In 1945, just before my father died, he was in hospital; we used to have to go to Westminster Hospital every night to see him.  I worked in Uxbridge and used to meet my mother in Ealing and we would go together.  It was so cold, absolutely bitterly cold; we had terrible cold weather from the November onwards and we didn’t have any coal, we couldn’t get it delivered as it was on rationing anyway.  My mother and I used to come home and put our legs in the gas oven and consequently we had the most horrendous chilblains; we used to go to bed with so many clothes on.  I think one of the things that I appreciate most now is having a warm bathroom; because we’d go to the bathroom and there’d be icicles on the inside of the bathroom and no hot water - we washed in cold water because there was no heat.   We used to borrow a pram from a neighbour and walk from Ealing down to Brentford to the gasworks to get a bag of coal to bring back.  It was horrendous and that went on for months and months.  That was just about the worst winter I can ever remember.

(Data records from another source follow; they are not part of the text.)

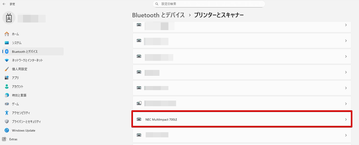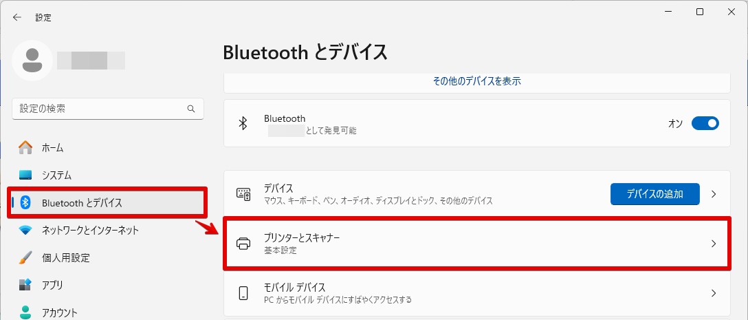 2.「Bluetoothとデバイス」→「プリンターとスキャナー」をクリック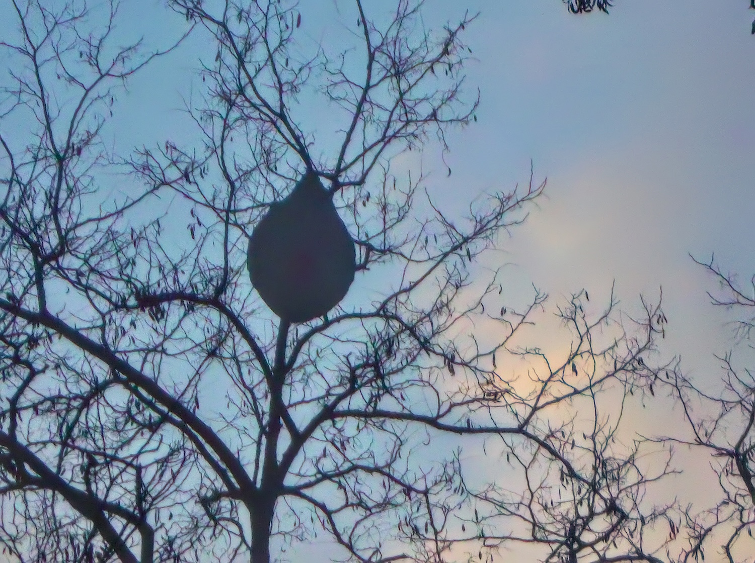 Je suis très intrigué par cette masse sombre en haut de l’arbre. Qu’est-ce ?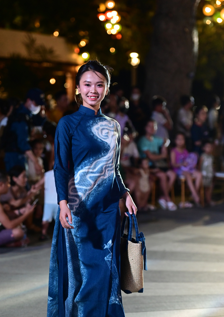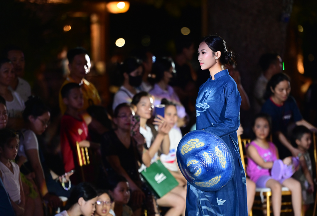 BST "Định danh quê hương" đến từ NTK Viết Bảo & NTK Nguyễn Trí Long: Nếu như BST của NTK Viết Bảo là cảm xúc về những làng quê thanh bình với những hồ sen ngát hương, những đóa sen tinh khôi ngậm sương thơ ngây trong dáng lụa thướt tha, thì BST của NTK Nguyễn Trí Long là sức sống mẽ của hoa sen được thể hiện trên vải Jean được wash, nhuộm cá tính kết hợp những phụ kiện túi xách, cây đệm bàng Phò Trạch, Phong Điền.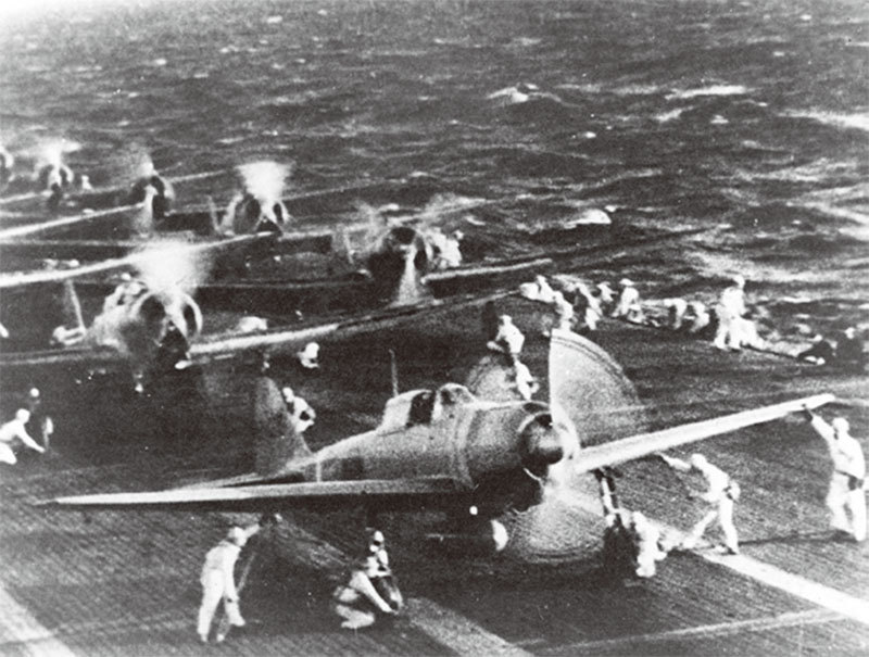 珍珠港事件美國人死了2000多,美國發誓要炸平東京,他們做到了。圖為日軍零式戰鬥機正從翔鶴號航空母艦上起飛。(維基百科)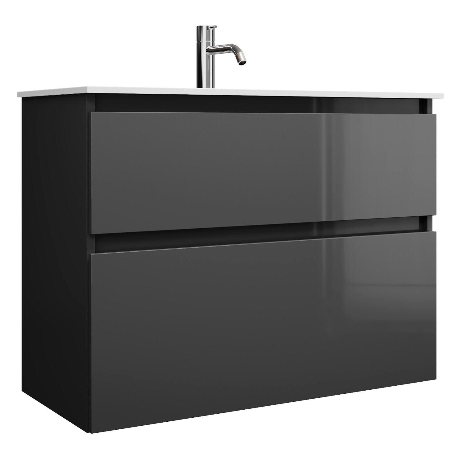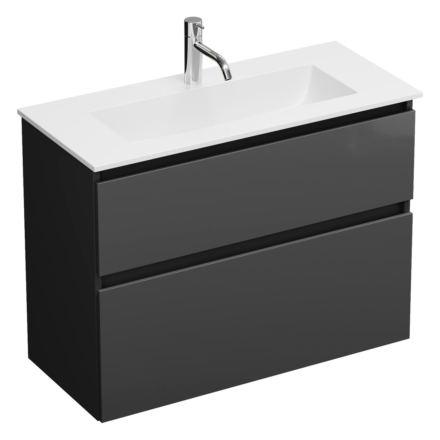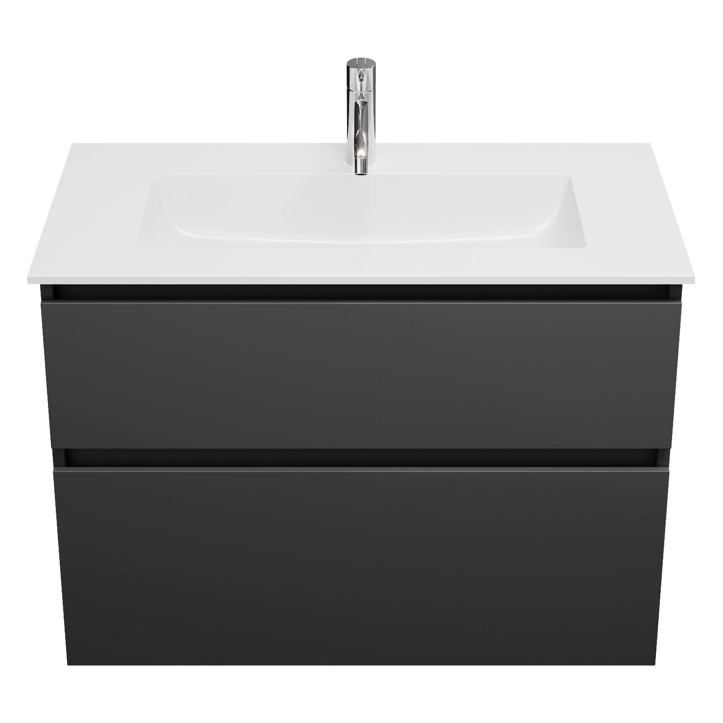burgbad Lin20 Waschtischunterschrank mit Mineralguss-Waschtisch 82 cm, 2 Auszüge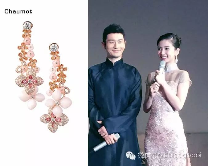 Baby第二身是闪闪的旗袍。来头也不小,是做《花样年华》里那些美旗袍的张叔平做的。Baby搭配了Chaumet的绣球花耳环。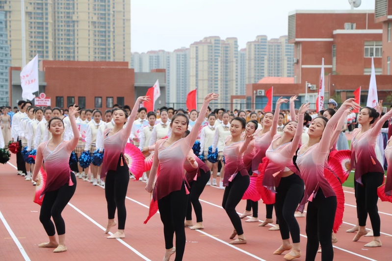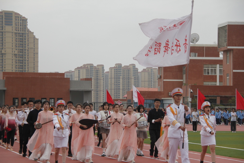 经过一个多月的训练,音舞行进方阵、广播操方阵的学子们以良好的精神面貌和熟练的动作漂亮地完成了入场仪式。

One of the highlights of my war years was the fact that we used to go dancing every week, Saturday evenings always and often Sunday evenings.   I had a friend who lived in High Wycombe, where the American Air Force base was, and we used to go to the dances that they organised.  We were very fortunate because Glenn Miller came to play for them and Enid and I were invited to the dance.  So I have actually danced to Glenn Miller’s orchestra.  It was wonderful, absolutely marvellous.   I shall never ever forget it and I can’t ever hear a Glenn Miller record now without I don’t remember what a lovely time that was.  

I used to trace engineering drawings and I really enjoyed it; it was a lovely atmosphere.  We used to get paid on a Thursday, so people would go out – whereas now they would go out for meals, we would go out to the pub for a drink and one drink would last you all evening.  We would have to ring the local pubs to see who had got beer in and you used to have to take your own glass.  As for spirits, you never saw them unless the naval boys had saved a tot of rum and brought it home.  Occasionally somebody might have a glass of port – you’d have a port and lemon and think you were being so daring!